Prominent trans advocate and Columbia College Chicago alum Precious Brady-Davis ’13, who graduated from Columbia College with an Interdisciplinary BA in Theatre and Liberal Education, has written a memoir, I Have Always Been Me, which is being published July 1, 2021. To order the book on Amazon, click here.
The book is being published by Topple Books, an imprint of Amazon Publishing. Topple’s editor is former Columbia College film and video program student Joey Soloway, Emmy Award-winning creator of the Amazon television series Transparent. Topple specializes in works by women of color as well as writers who identify as queer and/or gender nonconforming.
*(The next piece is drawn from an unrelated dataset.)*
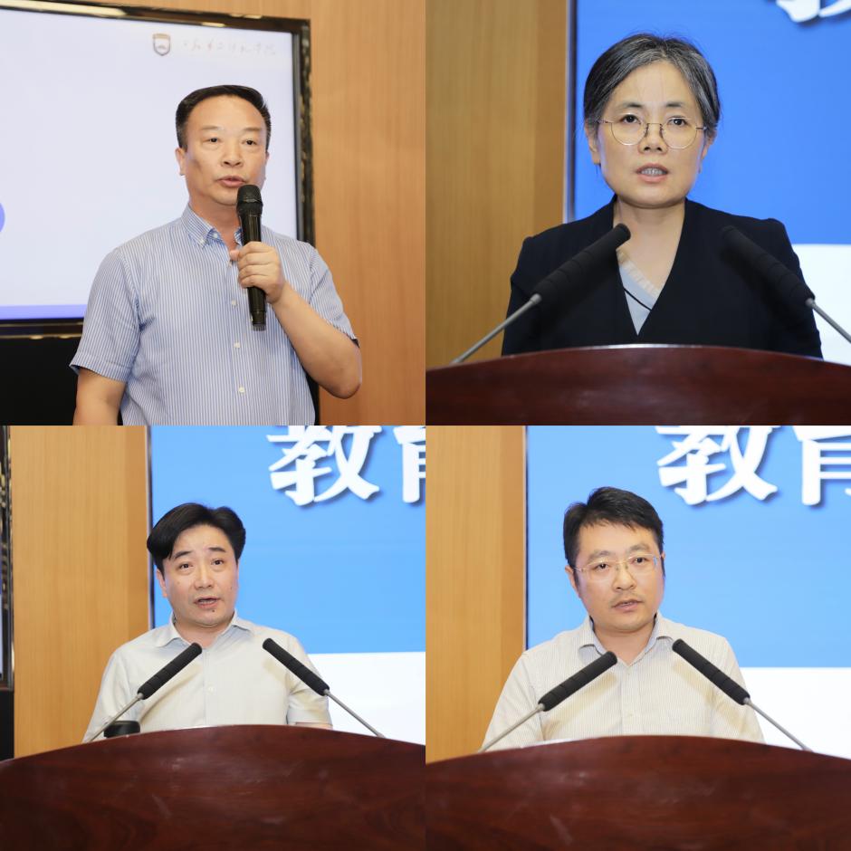 校领导刘继红、崔燕、姚振标、皇甫立同、赵玉蓉、梅景辉、花书贵分别结合分管工作,以《以铸魂腾飞计划为统领,不断提高学生工作在人才培养中的贡献度》《如何完善监督体系建设,提高监督质效,营造风清气正环境》《部门联动强化服务,赋能学校高质量发展》《新质心智奏响教师教育最强音——弘扬践行教育家精神二师样本》《用好考核“指挥棒”,提振干事“精气神”——以高质量考核助推事业高质量发展》《强化有组织学科建设在学校高质量发展中的龙头地位,提升有组织科研对学校发展的贡献度》《以评促建,推进专业内涵建设和人才培养模式改革——加快人才培养质量提升》为题作了主题报告,结合学校实际提出了下一步的工作思路和举措。

Brady-Davis — who came to Chicago from Lincoln, Nebraska, to study at the Columbia College Chicago Theatre Department — writes about releasing the past and living the dream in her autobiography, reflecting on a childhood of neglect, instability, and abandonment and sharing her profound journey as a trans woman now fully actualized, absolutely confident, and precious. In the book, she speaks to anyone who has ever tried to find their place in this world and imparts the wisdom that comes with surmounting odds and celebrating on the other side. Brady-Davis and her book are featured as part of the inaugural year of the Chicago Reader Book Club in September 2021.
The Chicago Tribune praised the book as “a blunt, often revealing memoir” that’s “sure to be a summer breakout.”
Brady-Davis, who currently serves as the associate regional communications director at the Sierra Club, served for three years as the assistant director of diversity recruitment initiatives at Columbia College Chicago, implementing the campus-wide diversity initiative and providing leadership and oversight of national diversity recruitment and inclusion policy initiatives. She also served as the youth outreach coordinator at the Center on Halsted in Chicago, the largest LGBTQ community center in the Midwest. During her tenure there, she launched a $1.6 million CDC HIV prevention grant, which provided outreach, education, youth programming, and testing services to more than 3,000 young African American and Latinx gay, bi, and trans youth. Brady-Davis and her husband, Myles Brady, live in Chicago’s Hyde Park neighborhood on the South Side of Chicago, where they are raising their daughter, Zayn. The couple were profiled in a 2015 RedEye article, “Finding Acceptance, Love: A Chicago Transgender Couple’s Story.”